Skip to content

Storage

Applicable to open source & enterprise version

There are 2 primary items that need to be stored in OpenObserve.

  1. Ingested stream data
  2. Metadata of ingested stream data

Metadata for stream data is always stored on disk for Local mode and will stored in etcd for Cluster mode.

Stream data can be stored on disk, s3, minIO and other compatible s3 API object storages, like: Google GCS, Alibaba OSS, Tencent COS.

Tips:

  1. Default OpenObserve runs as Local mode, you can set LOCAL_MODE=false to enable Cluster mode.
  2. In Local mode it also can use s3 as storage, you can set ZO_LOCAL_MODE_STORAGE=s3 to storage data in s3.
  3. For GCS, OSS they all supports s3 SDK, so you can think they are all of s3, just configure different s3 environments.

Data

Data is stored in parquet format, which is columnar storage format, it is efficient for query and storage.

Disk

Disk is default storage place for stream data, make sure you have enough storage available on your disk for stream data storage.
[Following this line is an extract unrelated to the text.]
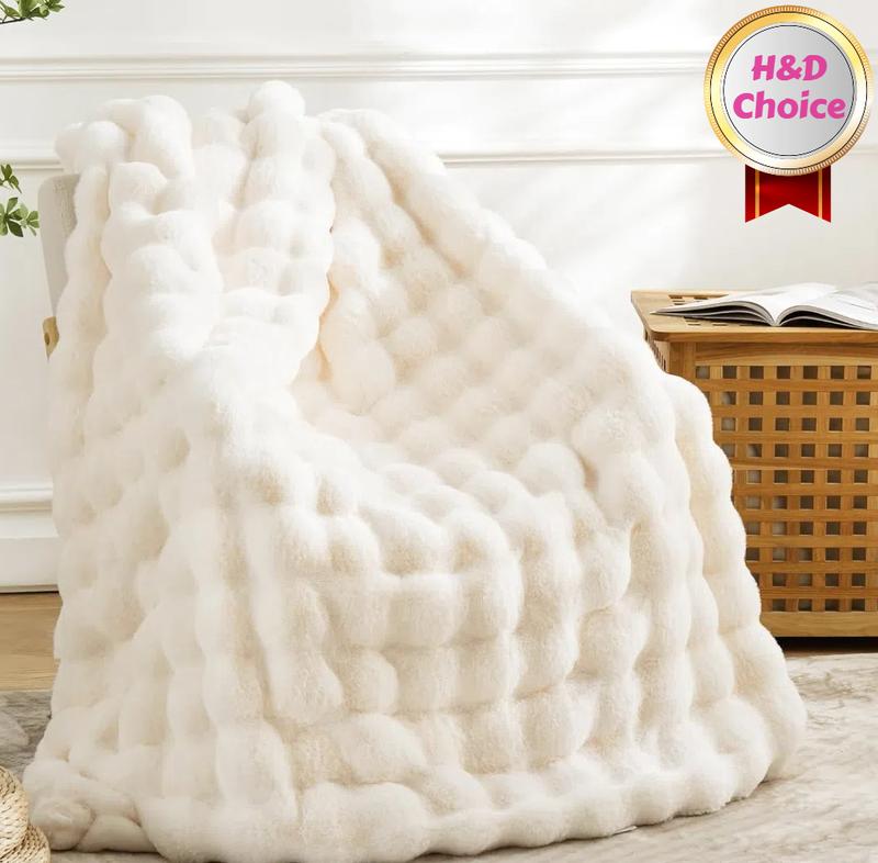 ✨ The H&D Faux Rabbit Fur Throw Blanket is an ideal Christmas gift. It features an ultra-soft fleece-lined back, ensuring comfort. The blanket is breathable, thick, and heavy, perfect for beds, sofas, or couches. It's comfy, warm, and cozy, making it a great choice for dorm decor. Hypoallergenic, it's safe for girls and women. 🌟

During data ingestion the stream name that you provide may not be present, in that case a new folder for stream will be created automatically for storing the stream data.

S3

To use S3 for storing stream data following needs to be done:

  • Make AWS IAM credentials available to OpenObserve by any supported mechanisms. OpenObserve uses AWS SDK which looks for credentials through:

  • Environment variables AWS_ACCESS_KEY_ID and AWS_SECRET_ACCESS_KEY (Not recommended due to security concerns)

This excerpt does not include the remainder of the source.